WORK ITEM –
Output, word for word, the lines of this listing that fall between the line with "RASSEGNA STAMPA CORRIERE" and the line with "由于現(xiàn)場(chǎ", counting both of those lines, and no others.

INPUT DATA –
──────
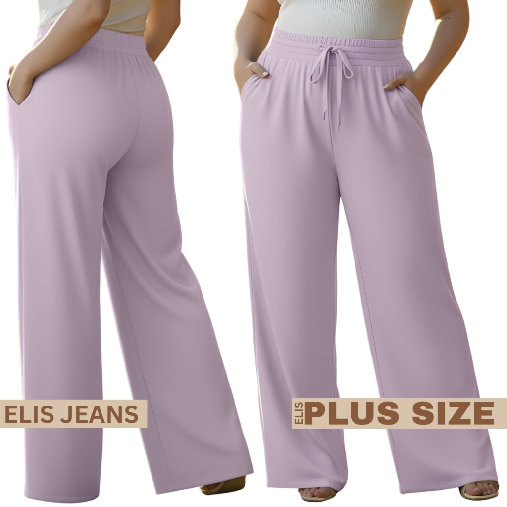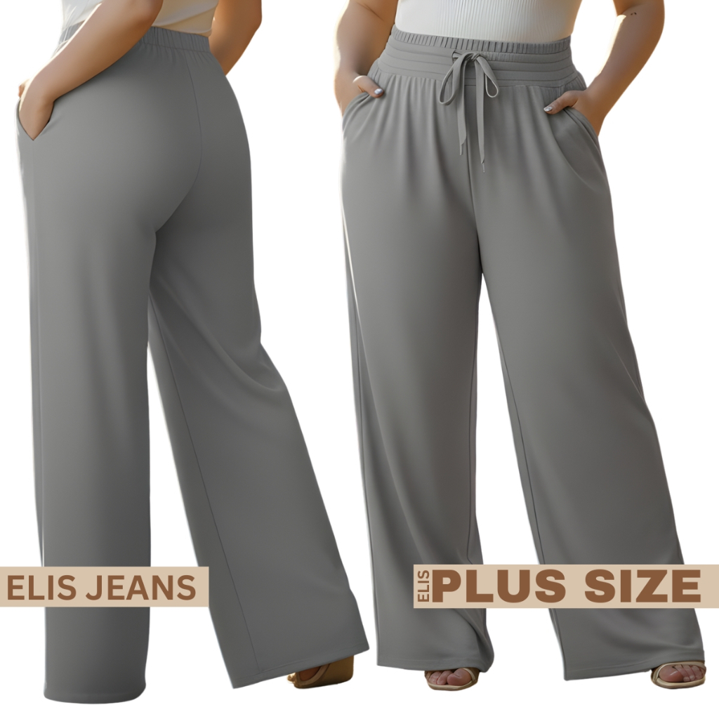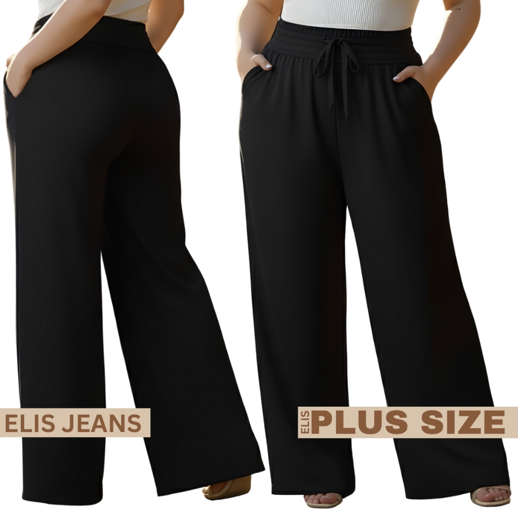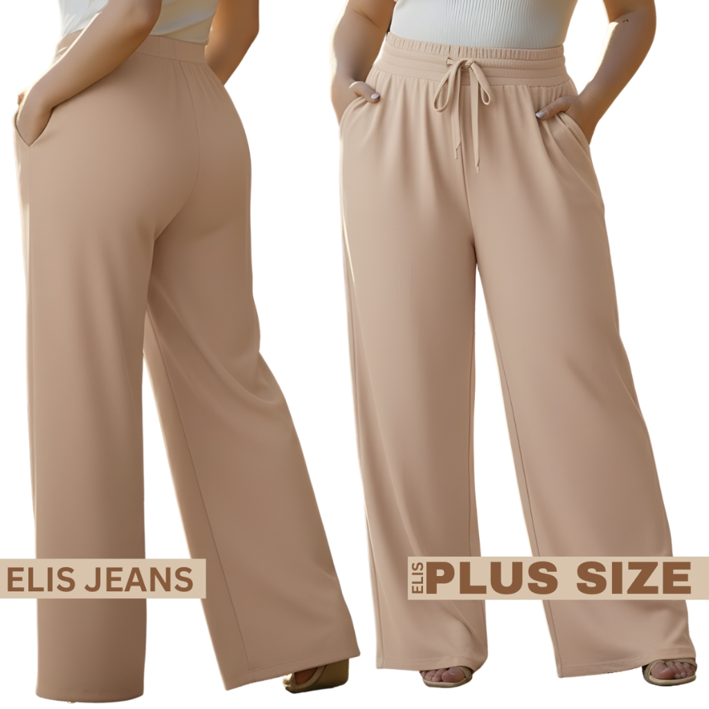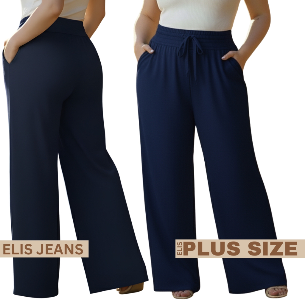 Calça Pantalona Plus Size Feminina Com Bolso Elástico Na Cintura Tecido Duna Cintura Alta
──────
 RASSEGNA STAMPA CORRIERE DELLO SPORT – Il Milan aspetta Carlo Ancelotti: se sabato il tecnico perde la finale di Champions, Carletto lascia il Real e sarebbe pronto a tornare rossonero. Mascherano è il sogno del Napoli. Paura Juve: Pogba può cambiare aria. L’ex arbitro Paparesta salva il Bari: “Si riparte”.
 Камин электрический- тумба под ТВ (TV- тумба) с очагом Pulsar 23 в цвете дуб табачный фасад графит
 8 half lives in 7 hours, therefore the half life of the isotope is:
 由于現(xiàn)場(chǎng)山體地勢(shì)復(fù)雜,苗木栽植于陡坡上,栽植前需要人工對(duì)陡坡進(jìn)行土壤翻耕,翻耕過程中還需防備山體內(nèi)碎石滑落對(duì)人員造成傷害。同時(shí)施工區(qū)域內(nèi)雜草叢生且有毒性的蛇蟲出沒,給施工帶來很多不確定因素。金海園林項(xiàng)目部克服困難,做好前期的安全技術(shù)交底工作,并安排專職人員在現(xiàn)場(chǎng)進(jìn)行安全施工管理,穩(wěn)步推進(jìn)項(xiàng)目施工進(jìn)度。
──────
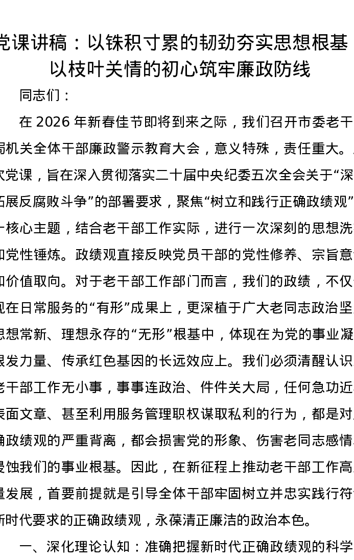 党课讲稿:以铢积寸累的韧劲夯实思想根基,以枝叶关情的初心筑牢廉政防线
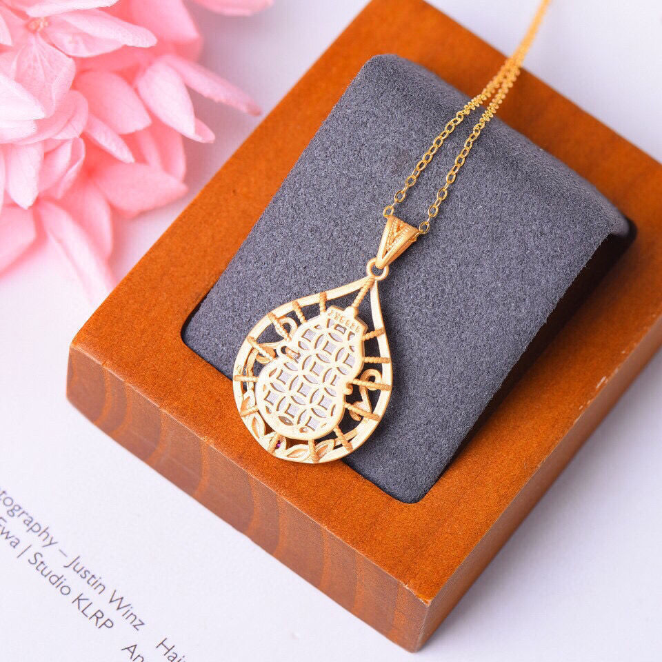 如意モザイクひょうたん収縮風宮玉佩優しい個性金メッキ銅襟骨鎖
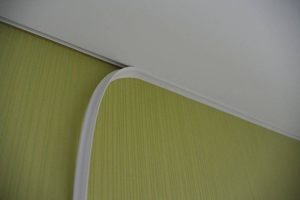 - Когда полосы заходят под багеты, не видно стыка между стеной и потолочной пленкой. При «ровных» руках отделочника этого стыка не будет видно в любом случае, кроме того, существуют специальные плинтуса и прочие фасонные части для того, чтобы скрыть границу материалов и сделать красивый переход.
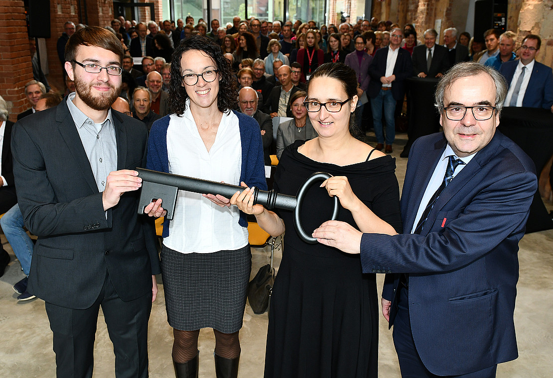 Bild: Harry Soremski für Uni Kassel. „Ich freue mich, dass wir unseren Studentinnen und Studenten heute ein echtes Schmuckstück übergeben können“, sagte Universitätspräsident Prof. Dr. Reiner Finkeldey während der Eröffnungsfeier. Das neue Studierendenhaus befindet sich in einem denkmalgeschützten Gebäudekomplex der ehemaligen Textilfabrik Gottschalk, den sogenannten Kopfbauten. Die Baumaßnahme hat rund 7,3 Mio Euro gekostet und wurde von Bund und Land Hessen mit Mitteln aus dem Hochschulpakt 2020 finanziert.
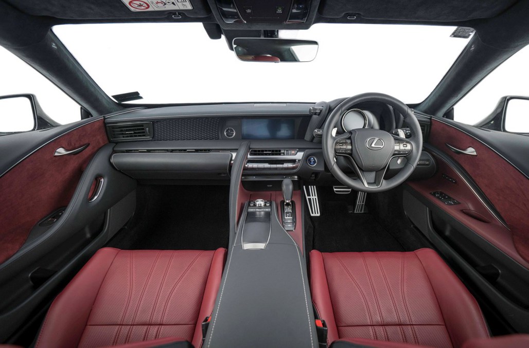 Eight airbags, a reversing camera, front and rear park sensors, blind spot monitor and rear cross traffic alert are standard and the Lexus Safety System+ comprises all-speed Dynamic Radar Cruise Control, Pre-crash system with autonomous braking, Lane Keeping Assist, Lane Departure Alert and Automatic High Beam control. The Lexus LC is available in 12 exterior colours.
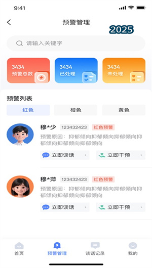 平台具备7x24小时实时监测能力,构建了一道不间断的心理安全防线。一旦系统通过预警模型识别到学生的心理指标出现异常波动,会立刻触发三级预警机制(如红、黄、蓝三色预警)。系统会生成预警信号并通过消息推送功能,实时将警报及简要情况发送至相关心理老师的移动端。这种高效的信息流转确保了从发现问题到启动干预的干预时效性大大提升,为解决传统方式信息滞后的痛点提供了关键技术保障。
──────
TASK RESPONSE –
 RASSEGNA STAMPA CORRIERE DELLO SPORT – Il Milan aspetta Carlo Ancelotti: se sabato il tecnico perde la finale di Champions, Carletto lascia il Real e sarebbe pronto a tornare rossonero. Mascherano è il sogno del Napoli. Paura Juve: Pogba può cambiare aria. L’ex arbitro Paparesta salva il Bari: “Si riparte”.
 Камин электрический- тумба под ТВ (TV- тумба) с очагом Pulsar 23 в цвете дуб табачный фасад графит
 8 half lives in 7 hours, therefore the half life of the isotope is:
 由于現(xiàn)場(chǎng)山體地勢(shì)復(fù)雜,苗木栽植于陡坡上,栽植前需要人工對(duì)陡坡進(jìn)行土壤翻耕,翻耕過程中還需防備山體內(nèi)碎石滑落對(duì)人員造成傷害。同時(shí)施工區(qū)域內(nèi)雜草叢生且有毒性的蛇蟲出沒,給施工帶來很多不確定因素。金海園林項(xiàng)目部克服困難,做好前期的安全技術(shù)交底工作,并安排專職人員在現(xiàn)場(chǎng)進(jìn)行安全施工管理,穩(wěn)步推進(jìn)項(xiàng)目施工進(jìn)度。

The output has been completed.